7. Education and Outreach

Finally, hospitals can make a considerable difference in overall sustainability through continued staff professional development and patient education. The improvements at the Farabi Hospital illustrate the incredible power of reviewing proper waste disposal techniques in reducing a facility’s overall footprint.

Patient education may make the most difference, as many people fail to see the connection between climate change and health. Educating providers about simple, sustainable measures anyone can take regardless of socioeconomic resources empowers them to share this information with those they treat — and many lay people give the opinion of health professionals considerable weight. Making it personal and meaningful to the patient is key.

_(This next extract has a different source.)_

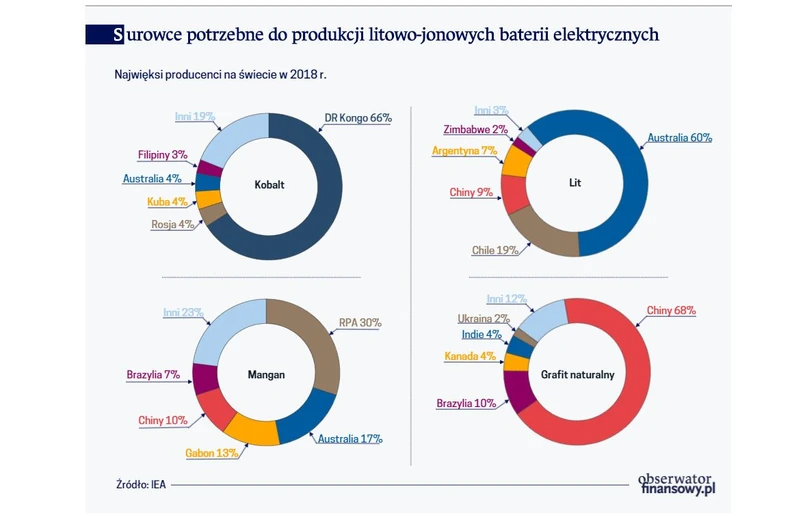 Światowa produkcja litu (głównym dostawcą jest Australia) wzrosła w tym samym czasie z 28,1 do 85 tys. ton. Globalne dostawy manganu powiększyły się w ostatniej dekadzie o 29 proc., z 3,9 tys. ton w 2010 r. do 18 tys. ton w 2018 r. Tej wzrostowej tendencji wydobycia i dostaw wśród głównych surowców niezbędnych do produkcji baterii elektrycznych nie poddaje się jedynie grafit. Wydobycie naturalnego grafitu załamało się w 2017 r. z powodu wprowadzenia obostrzeń ekologicznych w Chinach, ale powstałe niedobory wypełniane są m.in. przez produkcję grafitu syntetycznego.

For example, many patients resent a doctor’s suggestion to lose weight to improve health outcomes, as they already know the extra pounds aren’t beneficial. However, sharing helpful hints and recipes about more sustainable and nourishing foods could accomplish the same objective while also encouraging greater eco-friendliness in the kitchen. It’s also friendlier and builds a better rapport between provider and patient.

Hospitals Going Green in 2024

The health care industry contributes to climate change, but it is also taking action to address the problem. Hospitals are going green in 2024 through multiple avenues, from improving their infrastructure to updating cafeteria menus.